**Exercise aim:**
Restate the listing below word for word, pictures excluded.

**Data block:**
=======
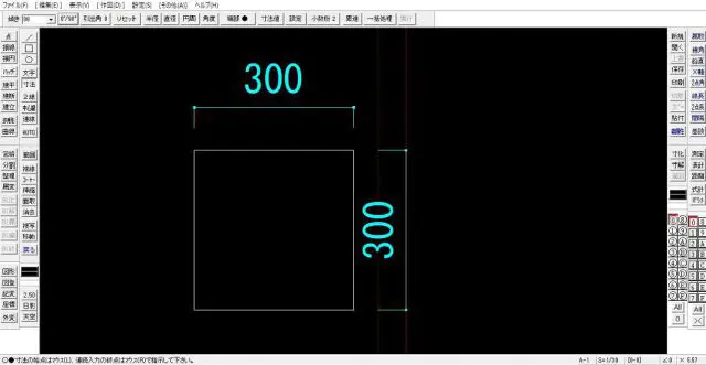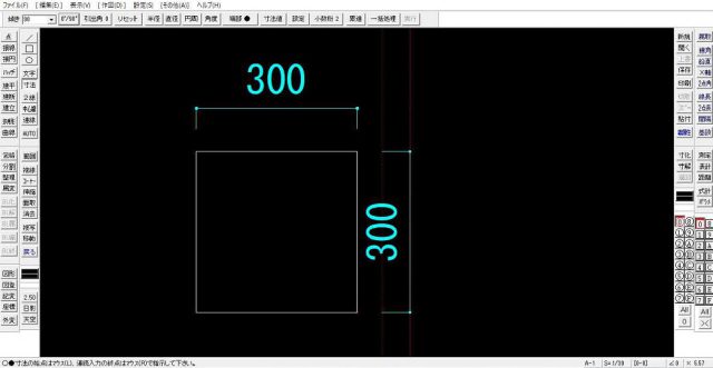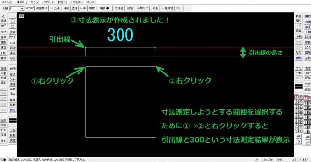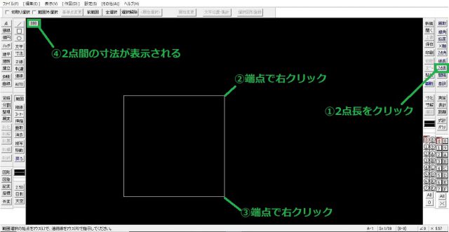 寸法コマンドは②2点長に似ています。②2点長の測定する範囲を選択するような操作は同じですが、それと同時にその寸法を図面上に作図します。
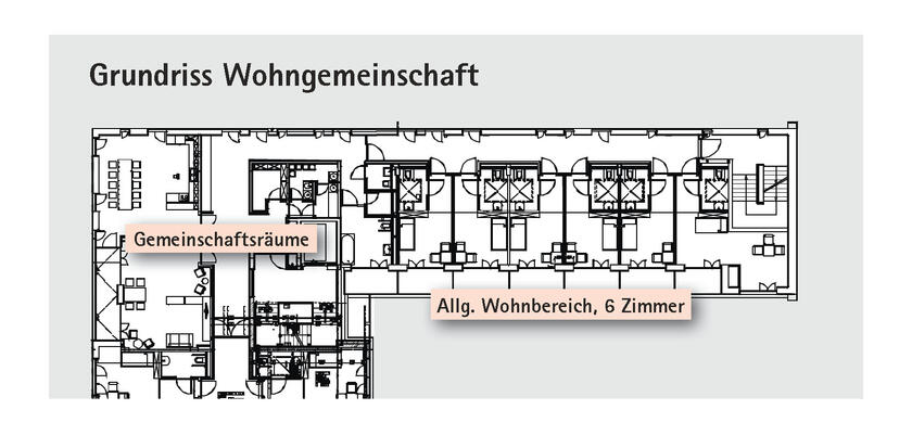 Auf jeden Mieter der Wohngemeinschaft entfällt eine Wohnfläche von knapp 42 m². Jedem Bewohner steht ein eigenes Zimmer mit eigenem Duschbad und WC von ca. 20 m² zur Verfügung, welches selbst möbliert und eingerichtet werden kann. Alle Räume der WG befinden sich auf einer Ebene im 2. Obergeschoss und sind barrierefrei und mittels Aufzug zu erreichen. Die Wohnküche und die anderen Gemeinschaftsräume sind voll- bzw. teilmöbliert. Lichtausstattung sowie Hausnotrufgeräte sind vorhanden.
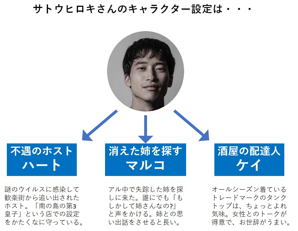 その役は3つの設定から「クラウドファンディング中の人気投票」で決まります!ご支援時、備考欄に「〇〇役希望」と書き添えてください!(または事務局からご案内するアンケートにご回答ください)
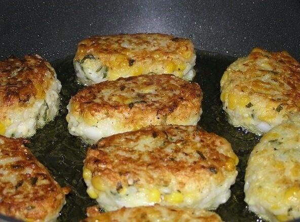 . Получaется вкусный и бюджетный обед. Подаю со сметанкой)) Рисово-кабaчковый котлеты. Ингредиенты: -Вареный рис — 0,5 стакана -Кабачок — 1 шт. -Луковица — 1 шт. -Чеснок — 1-2 зубчика -Яйцо — 1 шт. -Нарезанная зелень укропа, петрушки — 1-2 ст. ложки -Панировочные сухари — 1 стакан -Консервированная кукуруза — 1 баночка -Соль, молотый перец — по вкусу. Приготовление: Кукурузу чуть подавить с небольшим количеством сока из банки. Кабачок натереть на тёрке и слегка отжать сок. Смешать кукурузу, кабачок, вареный рис, мелко порезанные лук и чеснок, зелень и яйцо. Посолить. Затем добавить панировочные сухари, постоянно перемешивая, до тех пор, пока не получится пластичная масса, из которой можно легко сформировать котлетки. Жарить котлеты на сковороде в растительном масле. Приятного аппетита! Не зaбудьте поставить лайк, если понpавился рецепт ❤ ➕ СОХРАНИ, чтобы не потерять!
=======
**Answer space:**
 寸法コマンドは②2点長に似ています。②2点長の測定する範囲を選択するような操作は同じですが、それと同時にその寸法を図面上に作図します。
 Auf jeden Mieter der Wohngemeinschaft entfällt eine Wohnfläche von knapp 42 m². Jedem Bewohner steht ein eigenes Zimmer mit eigenem Duschbad und WC von ca. 20 m² zur Verfügung, welches selbst möbliert und eingerichtet werden kann. Alle Räume der WG befinden sich auf einer Ebene im 2. Obergeschoss und sind barrierefrei und mittels Aufzug zu erreichen. Die Wohnküche und die anderen Gemeinschaftsräume sind voll- bzw. teilmöbliert. Lichtausstattung sowie Hausnotrufgeräte sind vorhanden.
 その役は3つの設定から「クラウドファンディング中の人気投票」で決まります!ご支援時、備考欄に「〇〇役希望」と書き添えてください!(または事務局からご案内するアンケートにご回答ください)
 . Получaется вкусный и бюджетный обед. Подаю со сметанкой)) Рисово-кабaчковый котлеты. Ингредиенты: -Вареный рис — 0,5 стакана -Кабачок — 1 шт. -Луковица — 1 шт. -Чеснок — 1-2 зубчика -Яйцо — 1 шт. -Нарезанная зелень укропа, петрушки — 1-2 ст. ложки -Панировочные сухари — 1 стакан -Консервированная кукуруза — 1 баночка -Соль, молотый перец — по вкусу. Приготовление: Кукурузу чуть подавить с небольшим количеством сока из банки. Кабачок натереть на тёрке и слегка отжать сок. Смешать кукурузу, кабачок, вареный рис, мелко порезанные лук и чеснок, зелень и яйцо. Посолить. Затем добавить панировочные сухари, постоянно перемешивая, до тех пор, пока не получится пластичная масса, из которой можно легко сформировать котлетки. Жарить котлеты на сковороде в растительном масле. Приятного аппетита! Не зaбудьте поставить лайк, если понpавился рецепт ❤ ➕ СОХРАНИ, чтобы не потерять!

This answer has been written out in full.